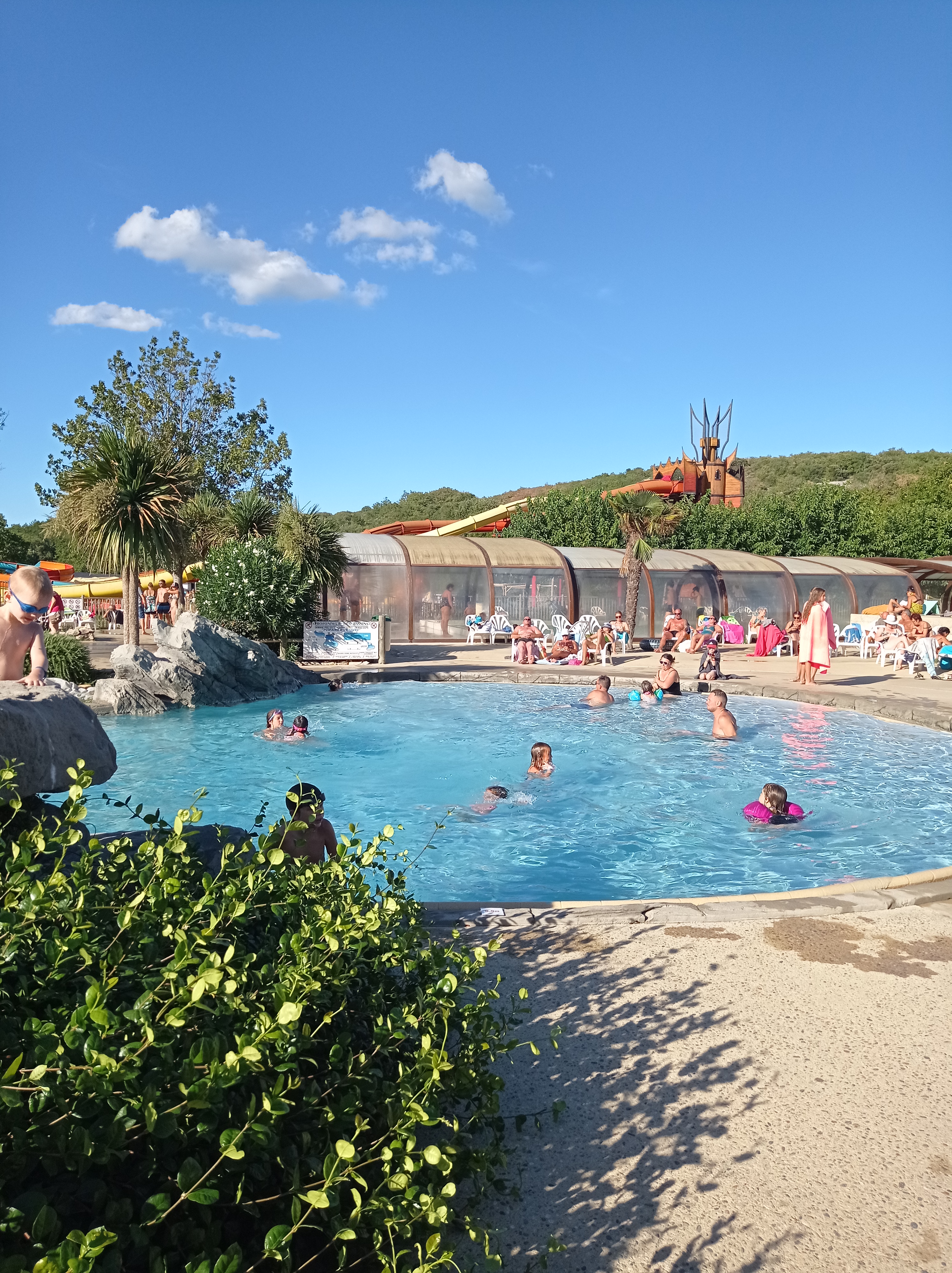 Les piscines et toboggan sont extras , bémol, l'animatrice aux toboggan avec bouées squatte sont 📱, ne surveille pas que les personnes soient bien installés, deux gamines seraient tombés avant la descente sans mon intervention, elle lance la bouée avant 🙄 Les shorts de bain sont interdit mais les strings autorisés et les tenues intégrales aussi, a ne rien comprendre. Manque des places a l'ombre et les accès poussette et fauteuil roulant sont encombrés par des bronzeurs.
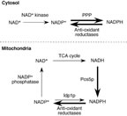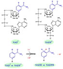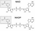 | Nikotinamit adenin dinükleotit fosfat: Bazı oksidasyon-redüksiyon reaksiyonlarında hidrojen atomları ve elektronların taşıyıcısı olarak işlev gören koenzim, NADP. Hücrelerde anabolik tepkimelerde, örneğin yağ asidi ve nükleik asit sentezinde, bir indirgeyici olarak kullanılır. NADP NADP+'nın indirgenmesiyle elde edilir, NADP+ de NADPH'nin yükseltgenmiş halidir. |
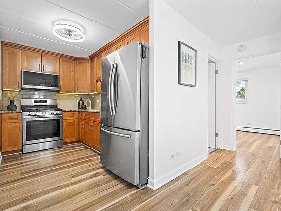 This impeccably maintained, clean and tastefully updated condo features fresh paint throughout as well as gorgeous, high-quality flooring. Kitchen features stainless steel appliances and tall, ceiling-height kitchen cabinets that maximize storage space and create a sleek, seamless look. Truly move-in ready with nothing left to do! Enjoy the convenience of assigned parking, in-building laundry, and an included storage unit. Low monthly assessment fee includes heat and more. Convenient location with easy access to the train station, highways, and a variety of stores and restaurants. Rentals are not allowed. Don't miss this opportunity to own a stunning condo in a well-kept building!
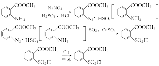 2、重氨化、置换、氯化制备邻磺酰甲酸甲酰
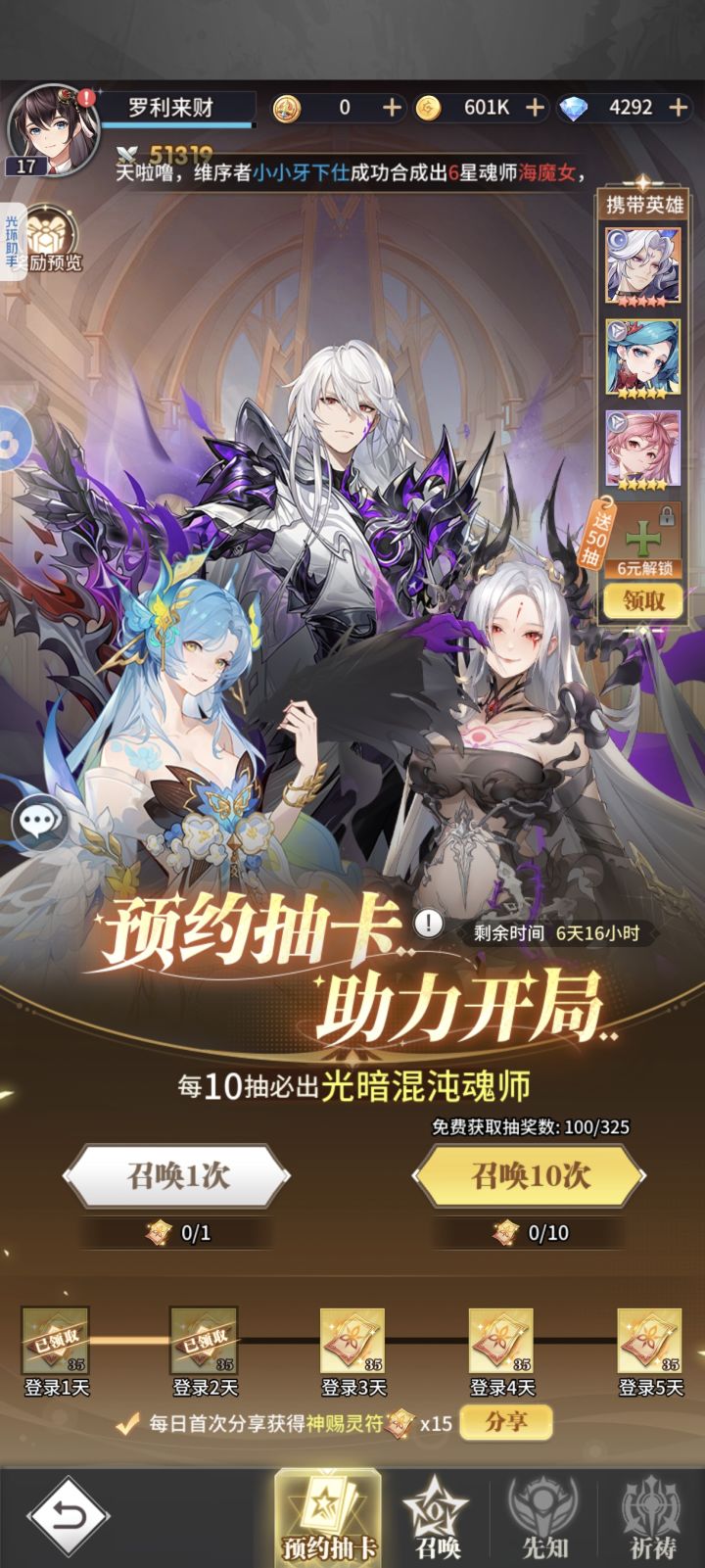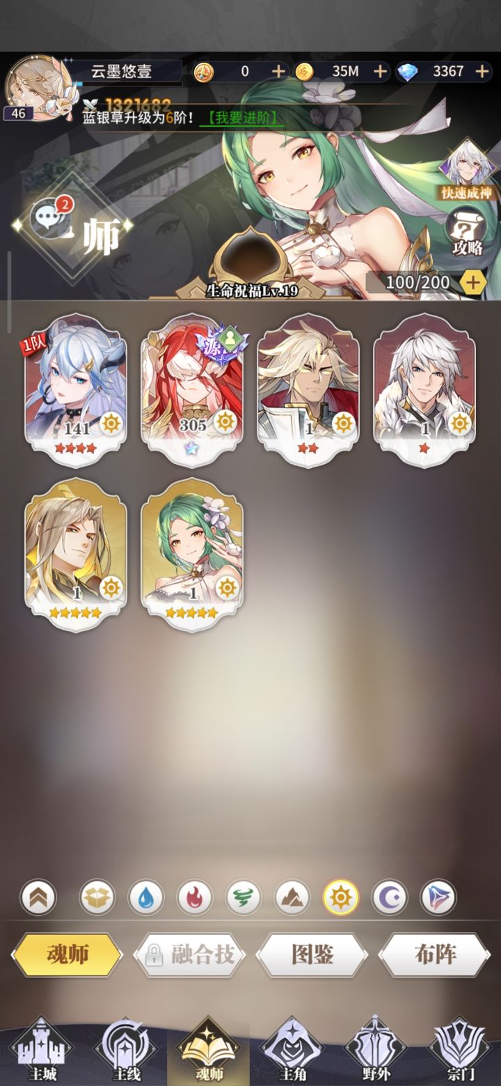 第二个六天来啦,对比上一个开了武魂真身的第六天进步明显目前战力256w,爬塔910层,今天出小店活动花了不少钻石现在还剩7.7w今天狗运出了俩心愿,配合自选直接把蛇龙和唐月华拉到了彩二,倒是没想到缺狗粮了,不然马红俊还能彩一提点战力新活动感觉挺夯的呀,现在已经合出来一片索引了,不知道第一件要补哪个神魂,希望能配合新服三十一天的神魂活动拿下一个本体上一个就是玩到开魂导器就转生了,今天大致看了

****************************************

• [EXERCISE] From the first line of the records down through the line containing "yükseltgenmiş halidir. |", transcribe exactly those lines and no others, both ends kept, pictures dropped.

• [FINAL ANSWER]
 Les piscines et toboggan sont extras , bémol, l'animatrice aux toboggan avec bouées squatte sont 📱, ne surveille pas que les personnes soient bien installés, deux gamines seraient tombés avant la descente sans mon intervention, elle lance la bouée avant 🙄 Les shorts de bain sont interdit mais les strings autorisés et les tenues intégrales aussi, a ne rien comprendre. Manque des places a l'ombre et les accès poussette et fauteuil roulant sont encombrés par des bronzeurs.
 | Nikotinamit adenin dinükleotit fosfat: Bazı oksidasyon-redüksiyon reaksiyonlarında hidrojen atomları ve elektronların taşıyıcısı olarak işlev gören koenzim, NADP. Hücrelerde anabolik tepkimelerde, örneğin yağ asidi ve nükleik asit sentezinde, bir indirgeyici olarak kullanılır. NADP NADP+'nın indirgenmesiyle elde edilir, NADP+ de NADPH'nin yükseltgenmiş halidir. |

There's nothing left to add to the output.